2.1 Sample and procedures

A cross-sectional correlational study design was used in this study. Inclusion criteria for the study sample were residents of Serbia being in the health profession (physicians, medical technicians or nurses, pharmacists, and psychotherapists). Exclusion criteria were residents of other countries, members of any profession outside of healthcare occupations, as well as healthcare workers who did not work actively with people during the COVID-19 pandemic in Serbia.

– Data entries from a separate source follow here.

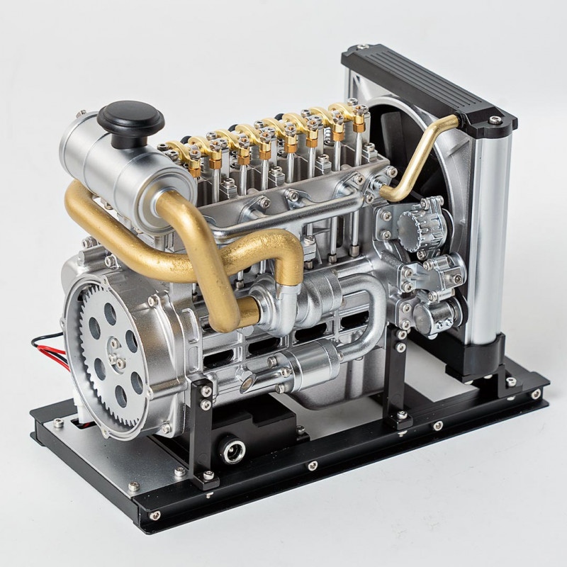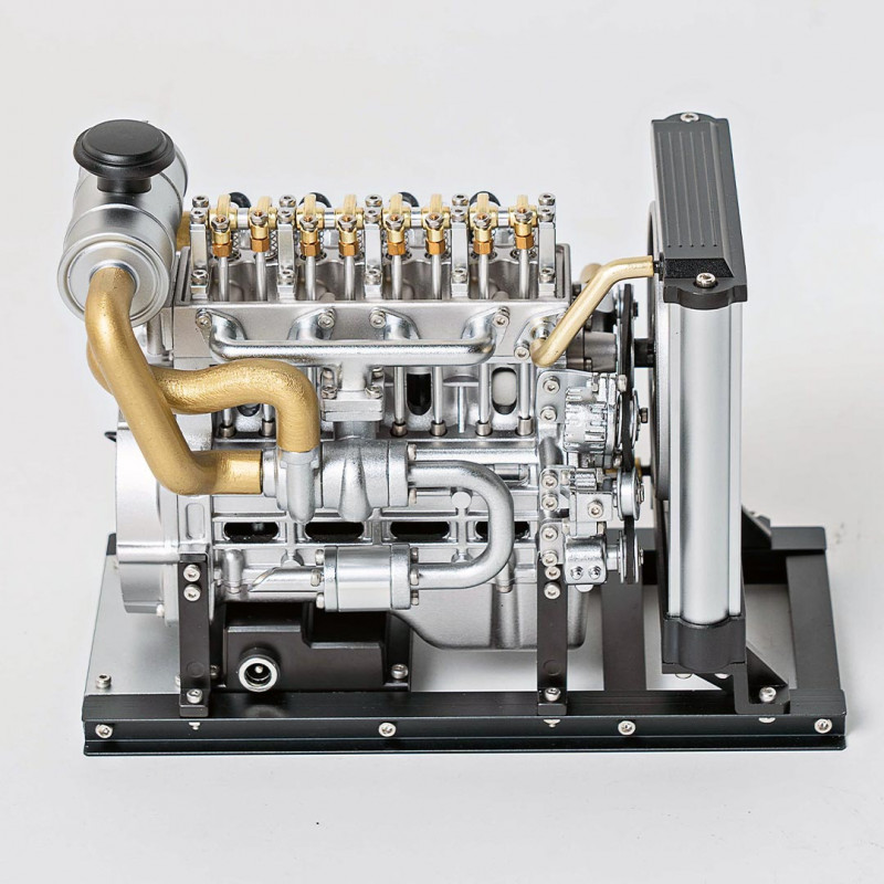 Ce moteur miniature fonctionnel peut être alimenté par un moteur électrique intégré, offrant une expérience réaliste et immersive. Le fonctionnement du moteur est visible pendant tout le cycle d’animation, transformant cette maquette en métal en une reproduction exacte en métal dynamique. À la fois objet décoratif et modèle mécanique simulé, il reproduit avec fidélité le comportement d’un vrai moteur thermique.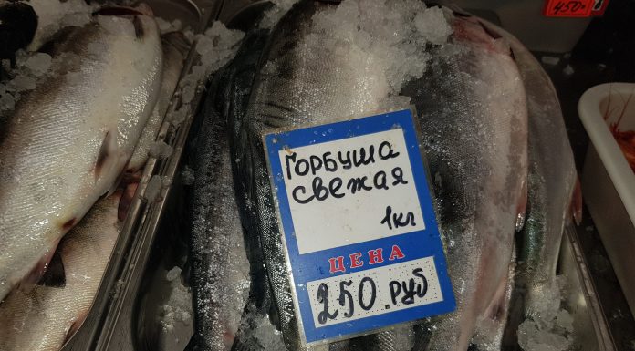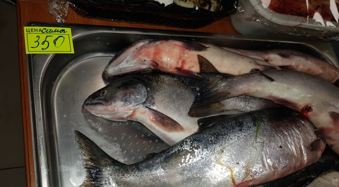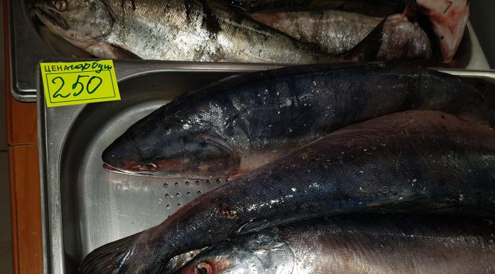 Не остались без внимания центральные рыбные прилавки областного центра. На микрорынке “Успех” охлажденная горбуша свежего вылова отсутствует полностью, в проходах слышится иностранная речь покупателей, разглядывающих икру и копчености.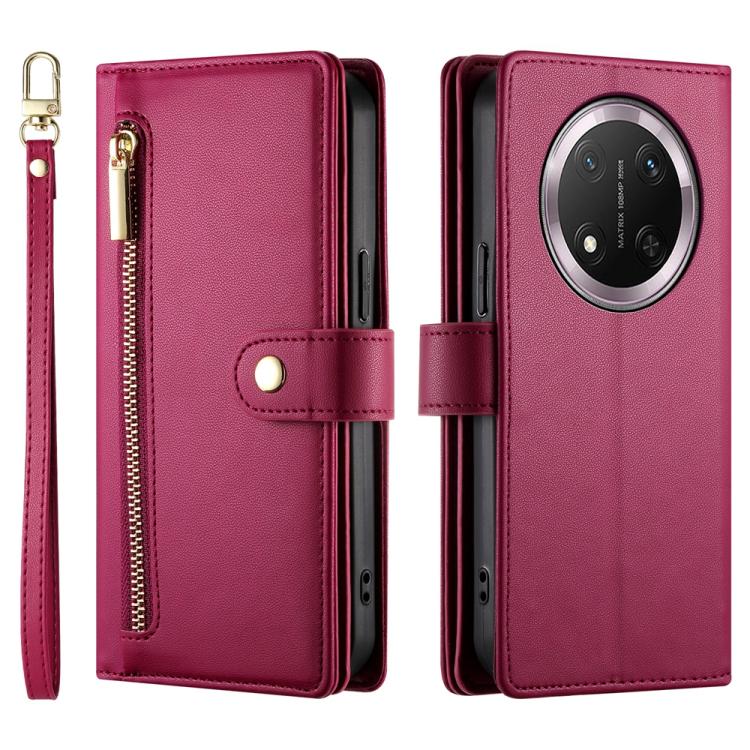 Funda de Cuero con Cremallera y Ranura para Tarjetas para Honor X9C Global y Magic7 Lite (Rojo)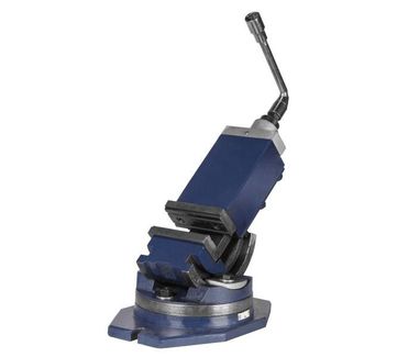 Тиски станочные Stalex WOA 2ух осевые - предназначены для фиксации заготовок под различными углами, применяемых на сверлильных, фрезерных и других видах станков. Предназначены для фиксации на станинах металлообрабатывающего оборудования. Тиски обеспечивают возможность наклона обрабатываемой заготовки на угол от 0 до 90° и поворот относительно основания от 0 до 360°. Основные детали тисков, в том числе поворотное основание, изготовлены из мелкозернистого высокопрочного чугуна. Съёмные рифлёные губки изготовлены из закаленной инструментальной стали и отшлифованы.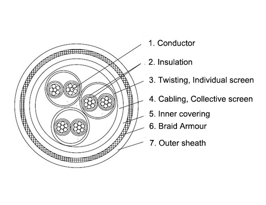 Braid Armour: Tinned copper wire braid manufactured per IEC 60092-350

To minimize social interactions, as recommended by the government of Serbia, data were collected online using the Google Forms platform during April 2020 in Serbia. We used a snowball sampling method by sharing the questionnaire link on Facebook and Viber medical community groups (healthcare workers, pharmacists in practice, psychotherapists, nurses, and medical technicians). Potential participants were given an explanation of the research’s purpose in Serbian at the outset of the anonymous online survey. The respondents were assured of the confidentiality and anonymity of the data collected, and participation in the study was voluntary and done so with informed consent. The study team was the only one with access to the safeguarded data. The statistical analysis did not include survey replies that were improper or duplicated.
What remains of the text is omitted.